Complex patients like the one presented are not uncommon in the intensive care unit. Epidemiological reports establish patients over the age of 65 now account for 45% of the intensive care unit population [14]. These patients often have numerous comorbidities such as advanced coronary artery disease and anemia predisposing to multifactorial hemodynamic compromise. A recent CDC report estimates the prevalence of coronary artery disease in elderly Americans is almost 20% [15]. Additionally, sepsis disproportionally afflicts the elderly, with nearly 40% of those admitted for septicemia being between the ages of 65 and 84 [16].

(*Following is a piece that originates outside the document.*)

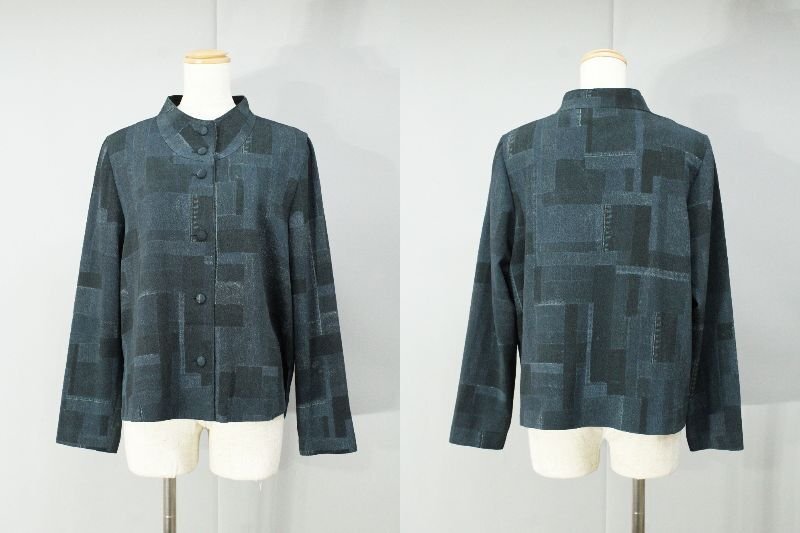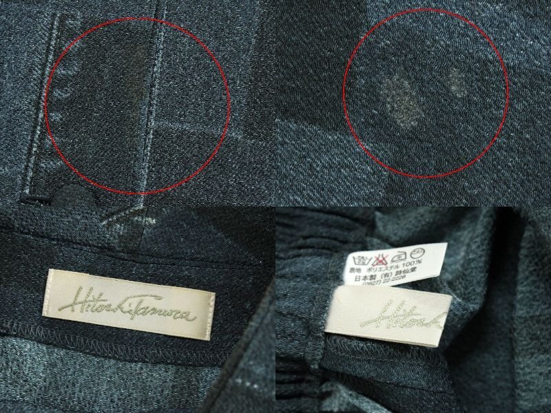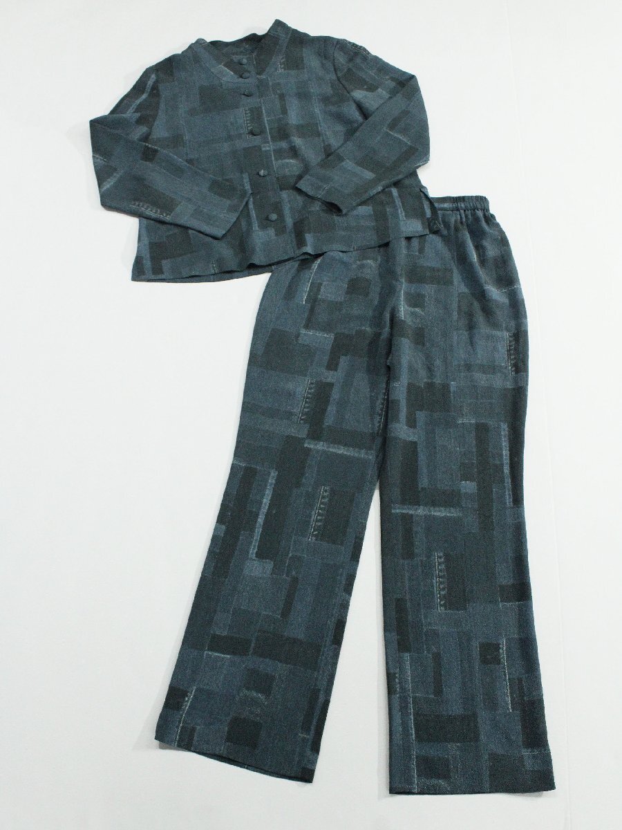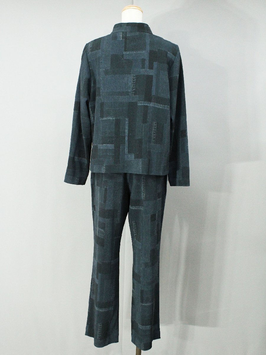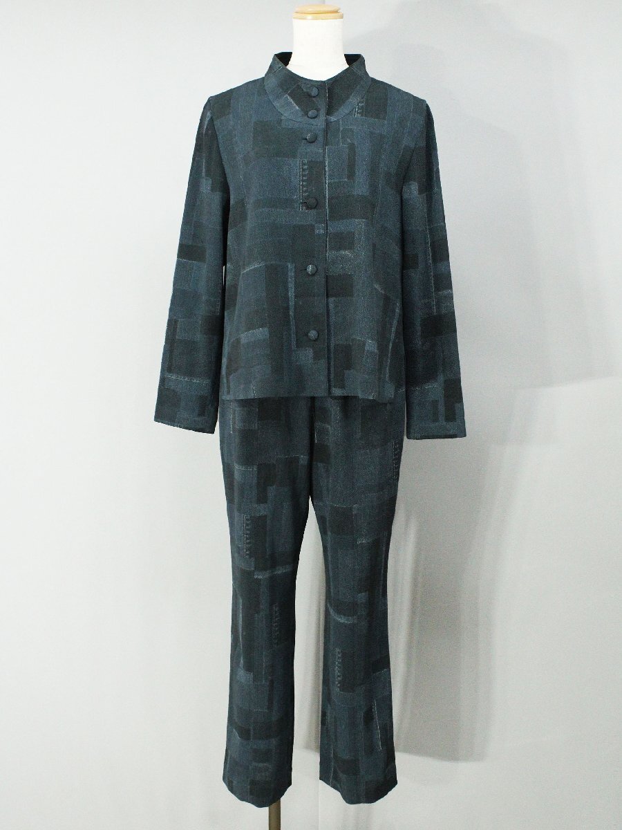 美品含む ヒトシタムラ/詩仙堂 洗えるちりめん織りセットアップ/ジャケット/パンツ 紺 rm312
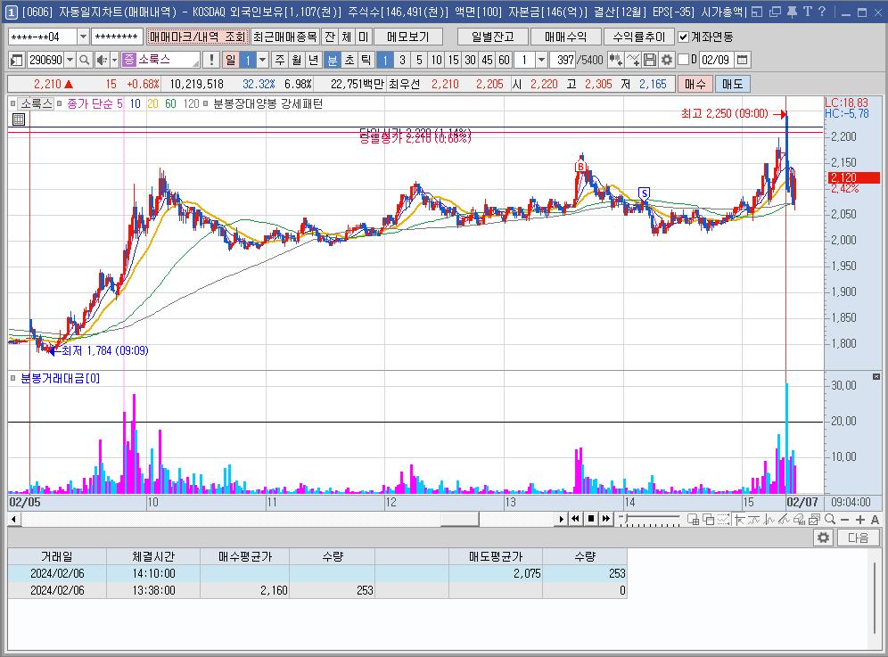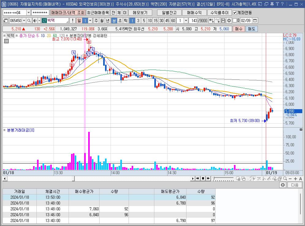 종목선정 실패(뇌동인것 같다). 이해가 안 가는 어설픈 매수타점. 손절 실패.

Despite advances in intensive care, sepsis remains a leading cause of death in noncardiac intensive care units, with an estimated mortality of 25 to 30% [17, 18]. Shock, whether of septic or cardiac origin, portends a poor prognosis when presenting in isolation and is conceivably worse when diagnosed in tandem. The burgeoning elderly population, which is disproportionately affected by both coronary artery disease and sepsis, will test our therapeutic options and require novel approaches for providing the necessary hemodynamic augmentation to overcome acute shock. For example, although our patient was provided sufficient red blood cells to correct her nonhemorrhagic anemia and appropriate antibiotics for her urosepsis, the degree of her shock was beyond the capability of medical therapy to yield a good outcome. For such patients in whom optimal medical therapy fails for the treatment of multifactorial shock, the Impella may be a viable alternative, even in the setting of sepsis. As with any time-dependent disease process, its early initiation in the judiciously screened patient may yield encouraging results.

Competing Interests

The authors have no competing interests.